As long as more than 2000 oranges are left, the camel needs to return twice to pick each one up. For every mile 5 oranges are lost. This continues until only 2000 oranges are left. The first 1000 oranges will have been lost after 1000/5=200 miles. Therefore,
1. The camel takes 1000 oranges to the 200-mile mark, leaves 600 there and returns.
2. The camel repeats this with another 1000 oranges.
3. The camel takes the remaining 1000 oranges to the 200-mile mark. At this point, 600+600+800=2000 oranges are at the 200-mile mark.
As long as more than 1000 but fewer than 2001 oranges are
left, the camel needs to return once to pick each one up. For every mile 3
oranges are lost. This continues until only 1000 oranges are left. The second
1000 oranges will have been lost after an additional 1000/3=333 miles. Therefore,
4. The camel takes 1000 oranges from the 200 to the 533-mile mark, leaves 333 oranges there and returns to the 200-mile mark.

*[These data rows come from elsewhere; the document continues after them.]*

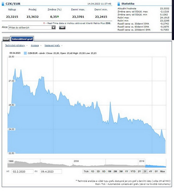 Kurz koruny v posledních dnech soustavně posiloval – na grafech to má trochu matoucí sklon křivky dolů, ale to znamená, že za euro dostáváme méně a méně. Z pátečního rána je zaznamenána hodnota 23,21 CZK/EUR. Během dne pak přišla mírná korekce, ale pořád je důvod k oslavám. Korunu zvedá úrokový rozdíl vůči eurozóně, ale ten samý jev zase dusí ekonomiku. Z řad bankovní rady se ozývají hlasy osamělých „jestřábů“, které by rády zvyšovaly základní úrokovou sazbu nad stávajících 7 %, ale mají nejspíš hodnotu pouhé slovní intervence, jakéhosi varování, že to ČNB s tou pevnou korunou myslí vážně. Absolutní kurzový rekord z roku 2008, který činí 22,88 kaček za euro, je tak možná na dosah.
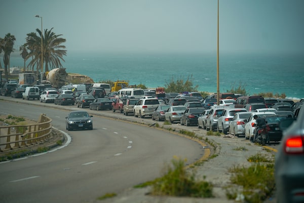 Traffic is seen heading south on Saida Highway from Beirut to southern Lebanon, as people return to their villages on the second day of a ceasefire between Israel and Lebanon on Saturday.Ryan Murphy/Getty Images
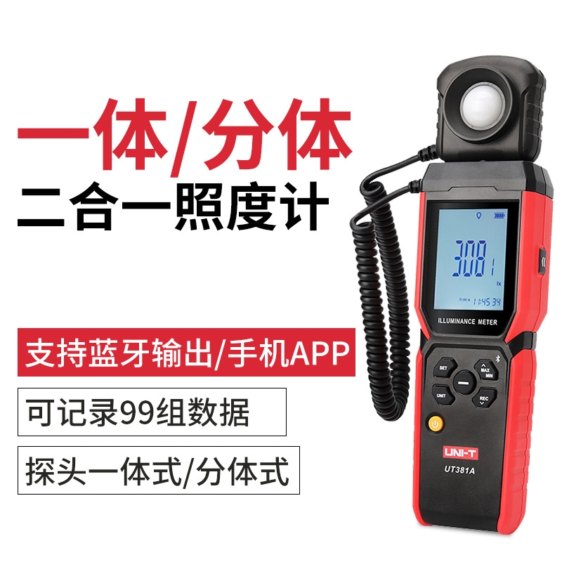 优利德UT381A分体式光照度计高精度光亮计蓝牙APP照度检测仪
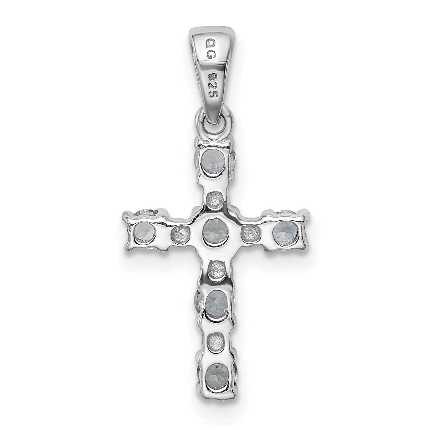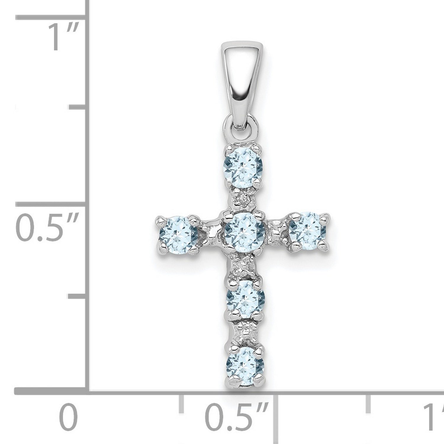 Aquamarine and Diamond Cross 17x12mm 0.33ct Charm Pendant in Real 925 Sterling Silver
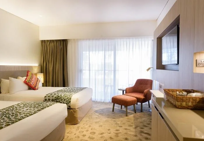 Das Hotel bietet 207 Zimmer mit vielen verschiedenen, wählbaren Kategorien. Es handelt sich um ein wirklich erstklassiges Hotel, was auch bei den Zimmern deutlich wird. Sie sind geräumig und in dezenten Farben eingerichtet. Einige strahlen einen Hauch an Tropenatmosphäre aus. Alle Zimmer verfügen über eine Klimaanlage, eine Tee- und Kaffee-Ecke, einen Safe, Bügeleisen und -brett, ein Flachbildschirm-TV-Gerät und gratis WLAN. Ein Großteil der Zimmer besitzt zudem einen eigenen Balkon.
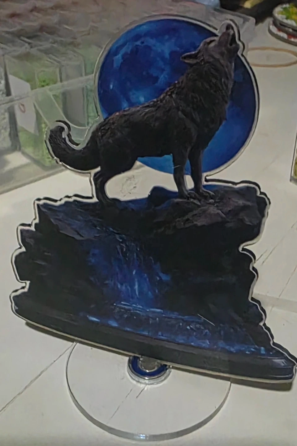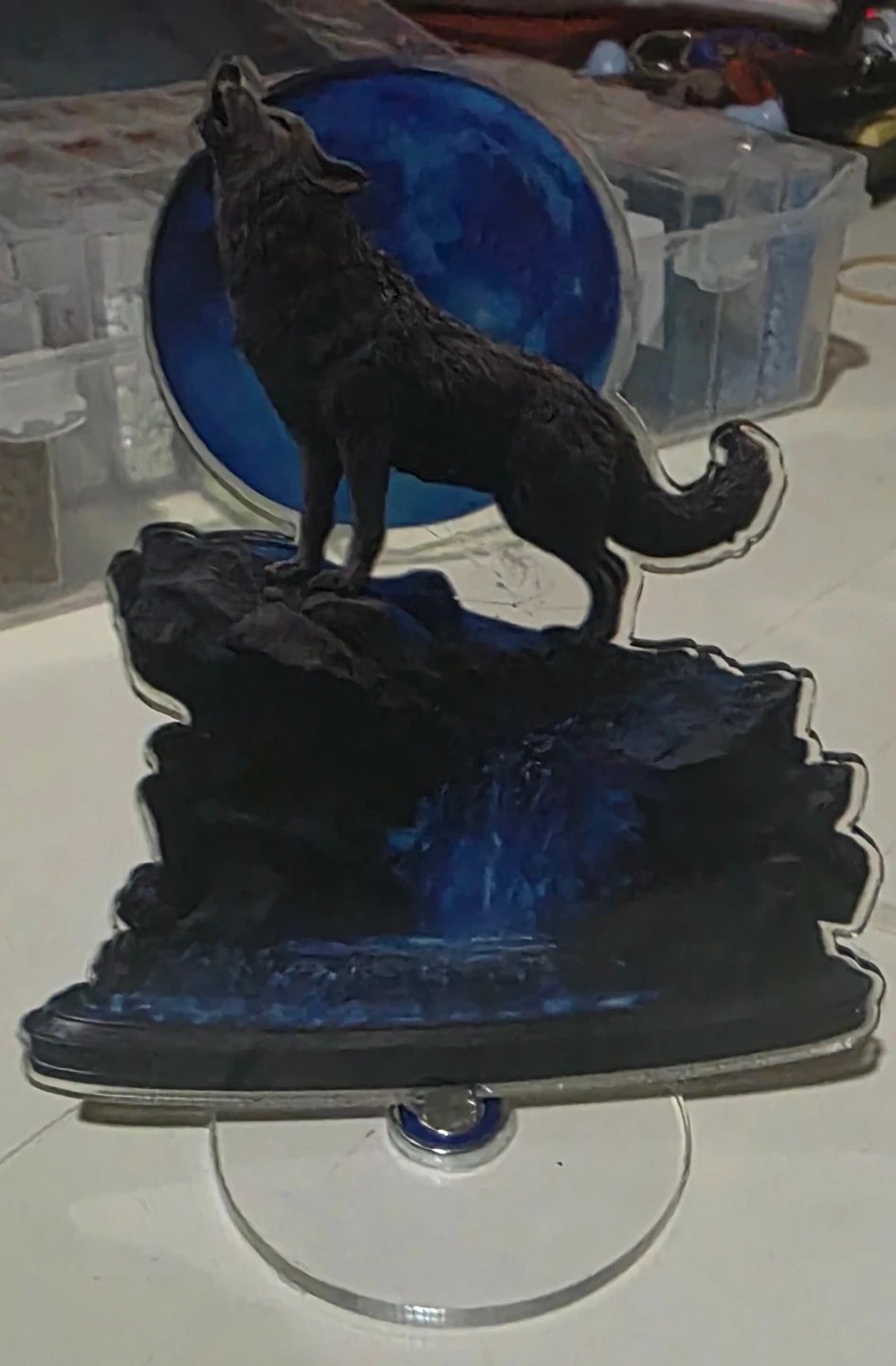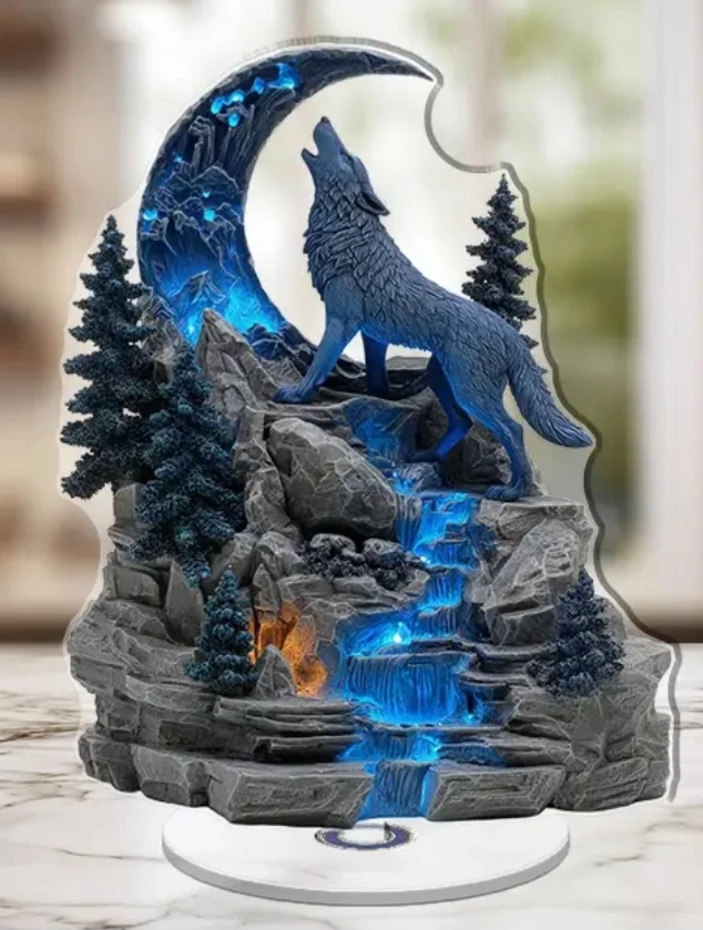 Acrylic display featuring a wolf howling at a crescent moon. It's a cool piece with a rocky landscape and waterfall. The design has blue LED lights that illuminate the scene.

5. The camel takes the remaining 1000 oranges to the 533-mile mark. At this point, 333+667=1000 oranges are at the 533-mile mark.
6. These 1000 oranges the camel can now transport one way the remaining 467 miles to the market. When the camel arrives at the market, he will bring 533 oranges.
533 is probably not the maximum number, but at least it sets a lower bound on this maximum.
Suppose the actual maximum is 533+x oranges. How big can x be? It seems reasonable to assume that the camel carries the maximum 1000 oranges on each forward trip (towards the market). Then his last forward trip must have started x miles after the 533- mark. This implies x≤467, so the actual maximum is ≤1000 oranges, which sets an upper bound.